When a federal court has original jurisdiction over an action, the court has supplemental jurisdiction "over all other claims that are so related to claims in the action within such original jurisdiction that they form part of the same case or controversy under Article III of the United States Constitution." 28 U.S.C. § 1367(a). Section 1367(a) codifies the principle that federal and state law claims are part of the same case or controversy if they derive from a common nucleus of operative fact. City of Chicago v. Int'l College of Surgeons, 522 U.S. 156, 164-65 (1997).
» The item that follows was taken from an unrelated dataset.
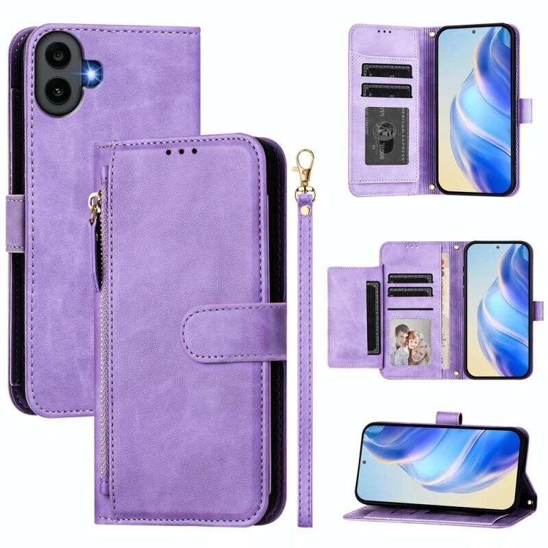 Για τίποτα CMF τηλέφωνο 1 πολλαπλών καρτών υποδοχές φερμουάρ πορτοφόλι δερμάτινη θήκη τηλεφώνου (μωβ)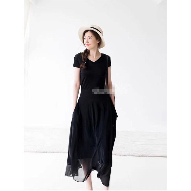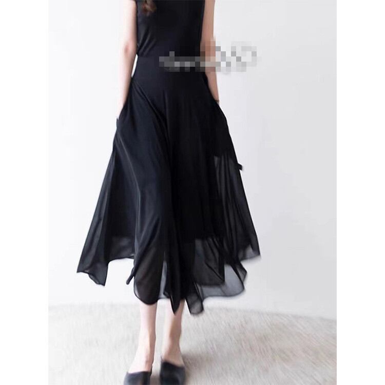 レトロ 縫付 シフォン 無地 中長セクション Aラインスカート スリム OL 通勤する 2022年夏

Under Section 1367(c)(3), the district court may decline to exercise supplemental jurisdiction over a claim under Section 1367(a) if the district court has dismissed all claims over which it has original jurisdiction.

While this Court has dismissed with prejudice plaintiff's Lanham Act claim under Count VI, the Court has granted plaintiff leave to file an amended Count I under the Securities Exchange Act by 5/22/09. In the event plaintiff fails to file such an amended complaint by that date, this Court will dismiss Count I with prejudice and will dismiss the remaining Counts of the complaint without prejudice for lack of subject matter jurisdiction under 28 U.S.C. § 1367(c)(3). See Wright v. Associated Ins. Co., 29 F.3d 1244, 1250 (7th Cir. 1994) ("[T]he general rule is that, when all federal claims are dismissed before trial, the district court should relinquish jurisdiction over pendent state-law claims rather than resolving them on the merits.").

IV. CONCLUSION

For the reasons stated above, defendants' motion [24] is granted in part and denied in part. Count VI, which purports to state a claim under the Lanham Act, is dismissed with prejudice. Plaintiff has leave to file an amended Count I under the Securities Exchange Act in accordance with this opinion by 5/22/09. Should plaintiff file such an amended complaint, defendants' answer or other response to that amended complaint is due by 6/5/09. Should plaintiff fail to file such an amended complaint, Count I will be dismissed with prejudice and the remaining Counts of the complaint will be dismissed without prejudice for lack of subject matter jurisdiction.